In seiner letzten Sitzung verabschiedete das Parlament mehrere wichtige Antikorruptionsgesetze, darunter die Einrichtung eines Antikorruptionsbüros. Die eilige Abstimmung über die Gesetze – zu deren Überwachung Präsident Poroschenko extra ins Parlament kam – macht auf Experten jedoch den Eindruck eines Wahlkampfmanövers. „Diese Gesetze machen nur den Anschein von echten Reformen“, sagt etwa der Kiewer Politologe Juri Romanenko.

Vakante Sitze In den von den Separatisten besetzten Gebieten im Osten werden die Parlamentswahlen nicht stattfinden, das hat die Wahlkommission schon eingestanden.
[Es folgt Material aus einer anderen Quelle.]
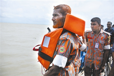 8月4日,在孟加拉国首都达卡附近的帕德玛河上,救援人员展开搜救行动。
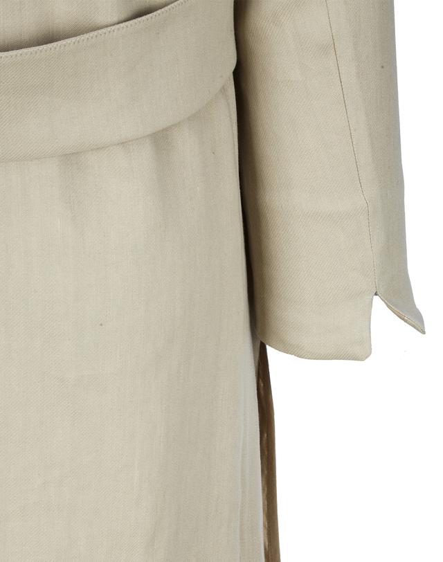 카라 부분에 텍스처가 다른 원단을 배색하여 심플한 디자인에 포인트를 준 코트입니다. 허릿단 뒤쪽의 스트랩 장식으로 핏을 잡아주었습니다.
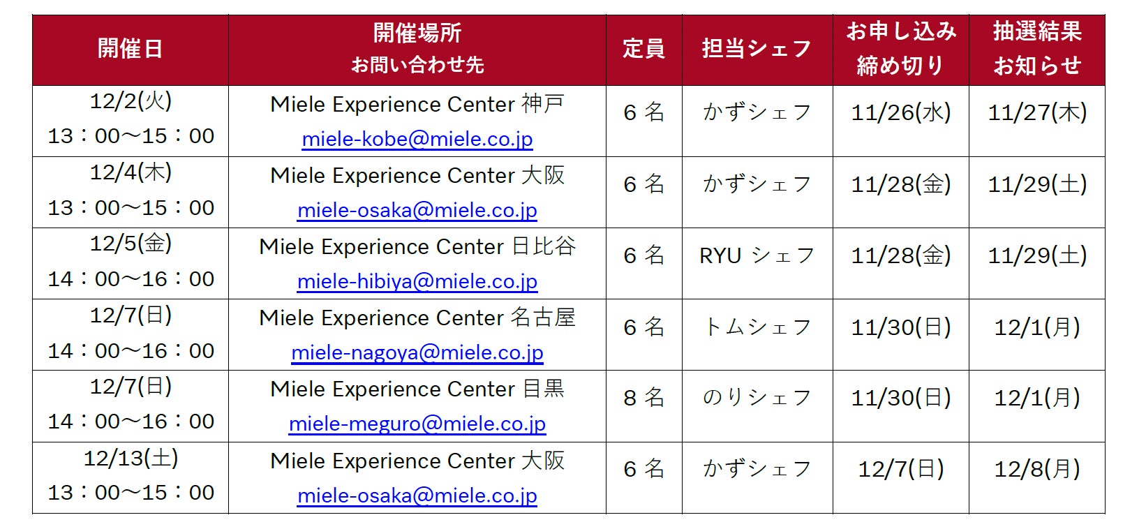 当イベントは、表参道店が各回16名、目黒店が8名、日比谷・名古屋・大阪・神戸の店舗では各回6名の定員で実施予定となっており、本日11月14日(金)より、Miele公式サイト内の専用ページで参加申込の受付を開始いたします。(※定員を超える場合は抽選となります。期間内で、店舗によってイベントの実施日や内容が異なりますので、申込締め切りや当選者発表のスケジュールと合わせて詳細は次頁以降またはお申し込みページをご参照ください。)
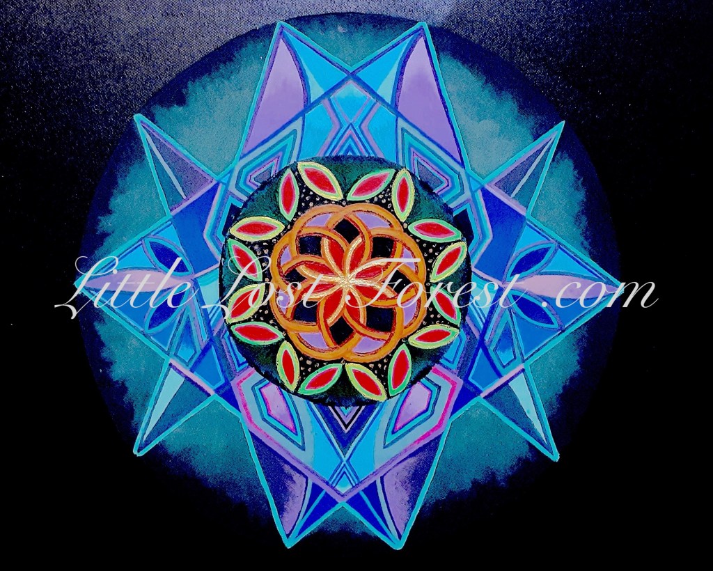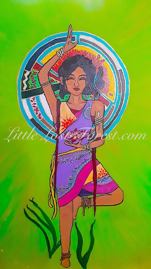 “Yoga Mandala” is a timeless piece, originating around 2016. It began as a gifted canvas with a pre-existing painting that sparked my inspiration for this transformative cover-up. As an avid practitioner of yoga, I am drawn to its profound tranquility, which deeply influences my art. The attire depicted in the mandala draws inspiration from vibrant Indian textiles and loose-fitting jewelry, reflecting the spiritual essence of yoga. My mandala itself is a meditation on the harmonious flow of nature and the boundless concept of the horizon, inviting viewers to contemplate the interconnectedness of existence.
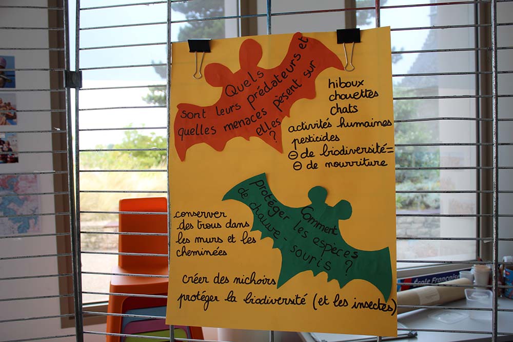 L’école Marc Bourhis à Tregunc avance au radar ! Enfin, à l’écho, comme la chauve-souris Grand Rhinolophe, une des plus grandes d’Europe. Une description minutieuse du chiroptère mise en image par les élèves. Une jolie manière de nous parler de ses capacités si particulières, des endroits où la mystérieuse se cache et une façon d’aborder les obstacles (réseau routier, pollution, etc.) qui aujourd’hui la place dans une situation délicate.
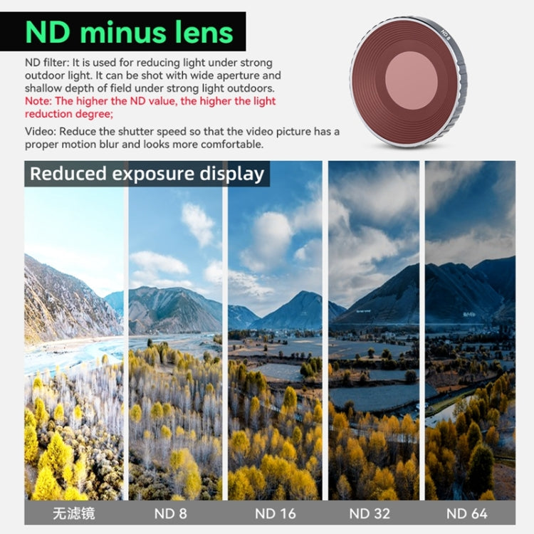 - ND-PL lens: Composite filter combining ND and PL, allowing adjustment to meet exposure and reflection elimination needs.
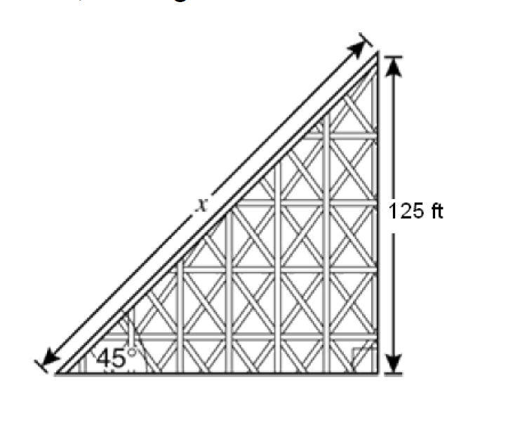 Rob wants to design the first section of a roller coaster track. He wants the ramp section to rise at 45 degrees. If it is 125 feet tall, find X, the length of the track.
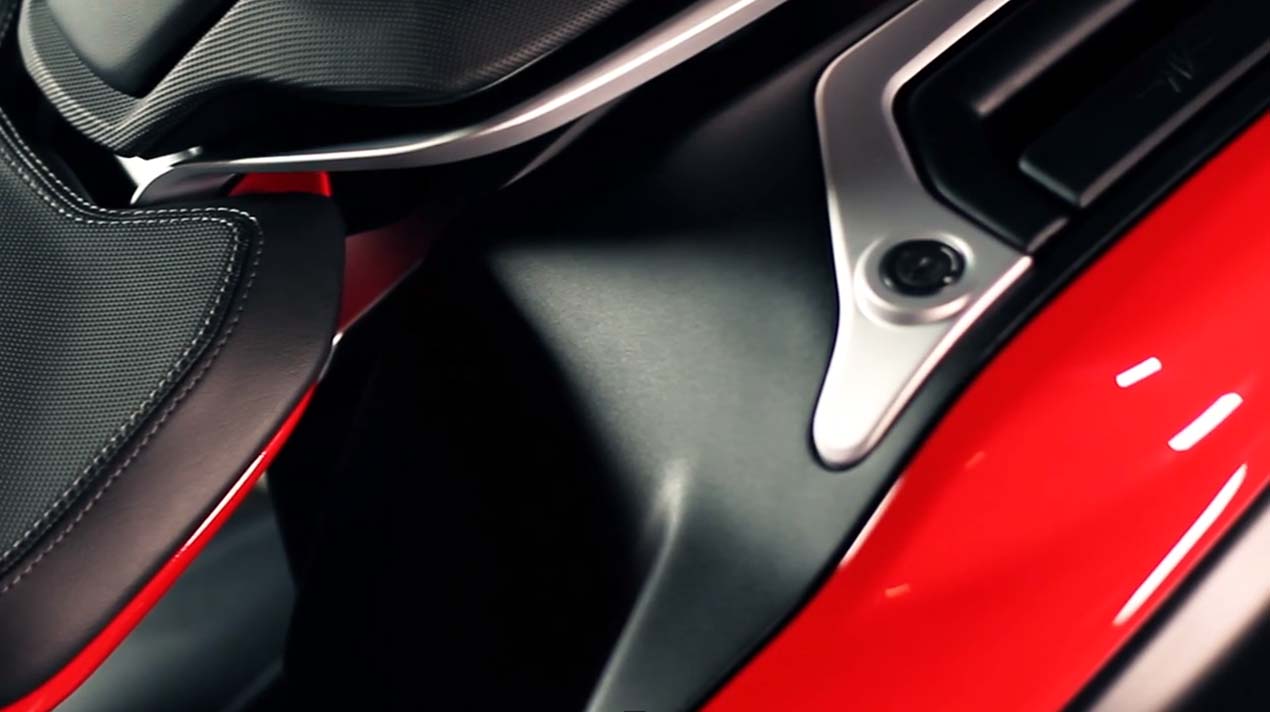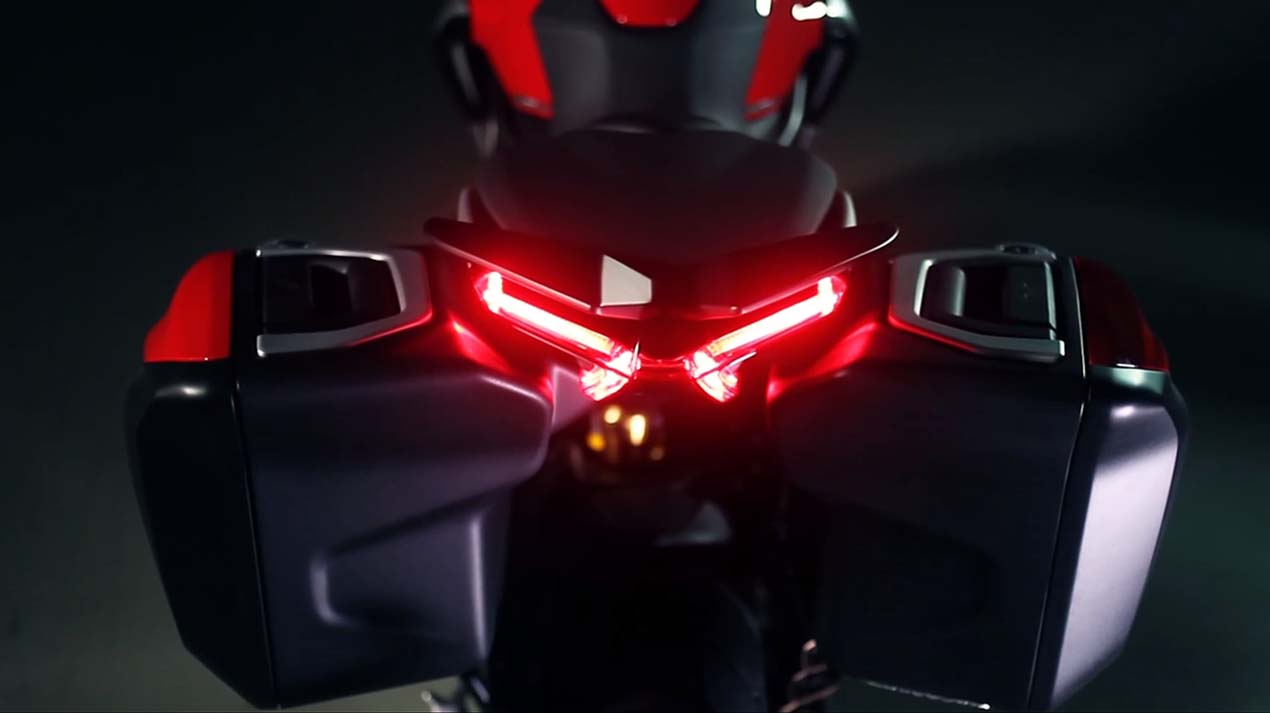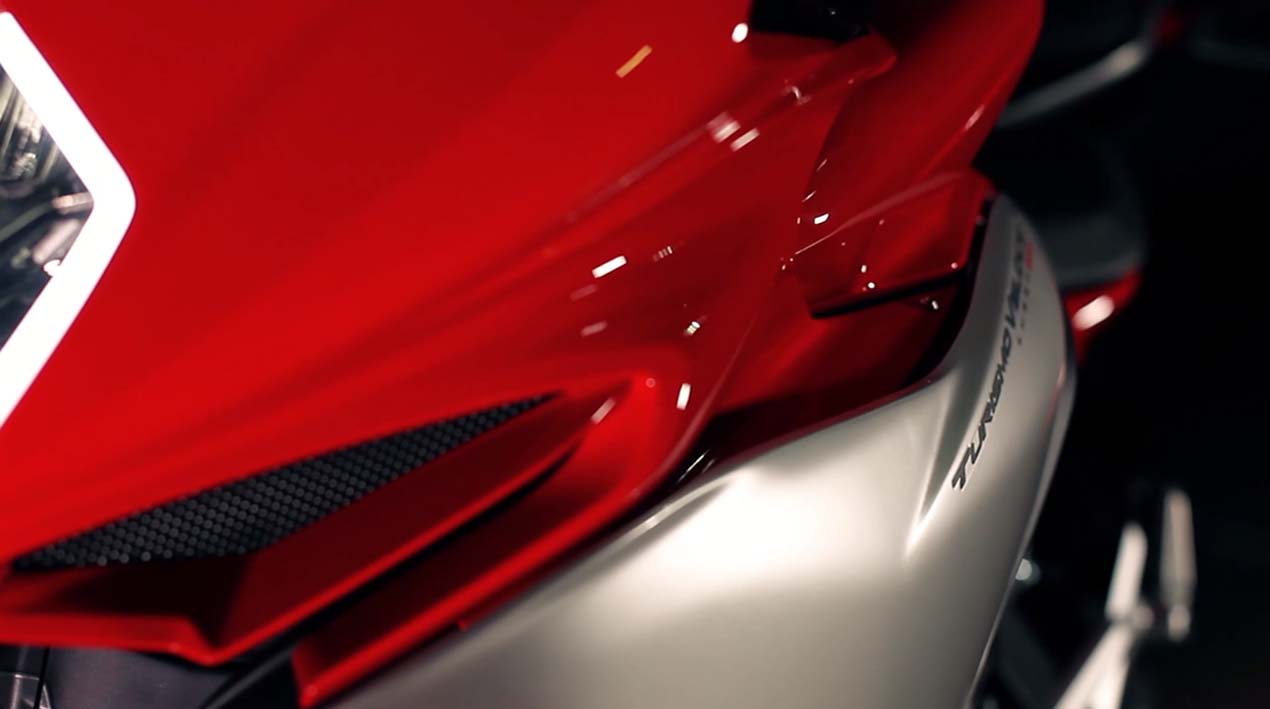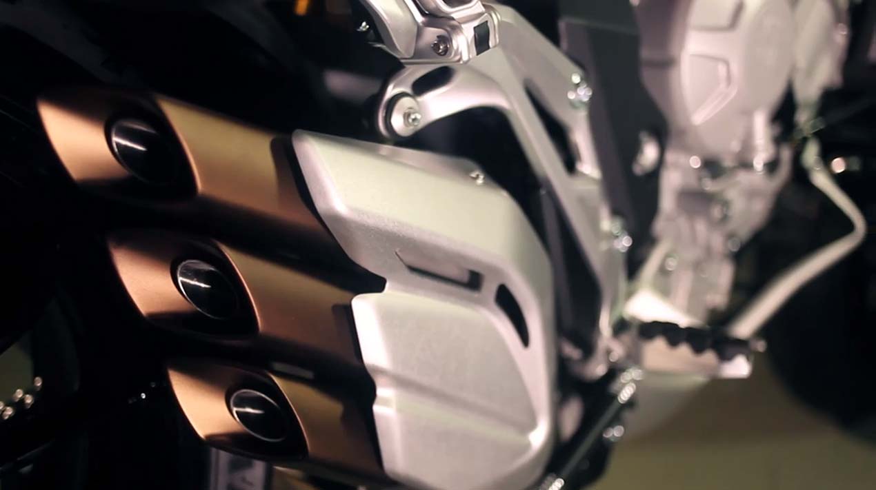 Teasing the new model now in a video, we can get our first glimpse at what MV Agusta has been cooking up back in Varese. Fusing the three-pipe exhaust of the MV Agusta F3 with the squared-off exhaust tips of the MV Agusta F4, MV Agusta has taken many design elements from its other models to make the MV Agusta Turismo Veloce 800 — note the Rivale handguards and signals, for instance.

Etwa dreißig der 450 Sitze bleiben deshalb vakant. Die Führung der selbst ernannten Volksrepubliken Donezk und Luhansk organisiert am 2. November eigene Wahlen. Beobachter erwarten, dass sich bei den Wahlen die jetzigen Führer der Volksrepubliken durchsetzen werden. Konkurrenten droht die physische Ausschaltung: So wurde Mitte Oktober das Auto von Pawel Gubarjew, der sich im Frühjahr zum Volksgouverneur erklärt hatte, beschossen. Gubarjew überlebte schwer verletzt und liegt seitdem in einem Krankenhaus in Südrussland.

Präsident Poroschenko hat klargemacht, dass er diese Wahlen nicht anerkennen wird. Stattdessen bietet Kiew den beiden Gebieten Kommunalwahlen für den 7. Dezember. Eine Durchführung erscheint jedoch als unwahrscheinlich.

Der Autor berichtet als freier Journalist aus Russland und der Ukraine.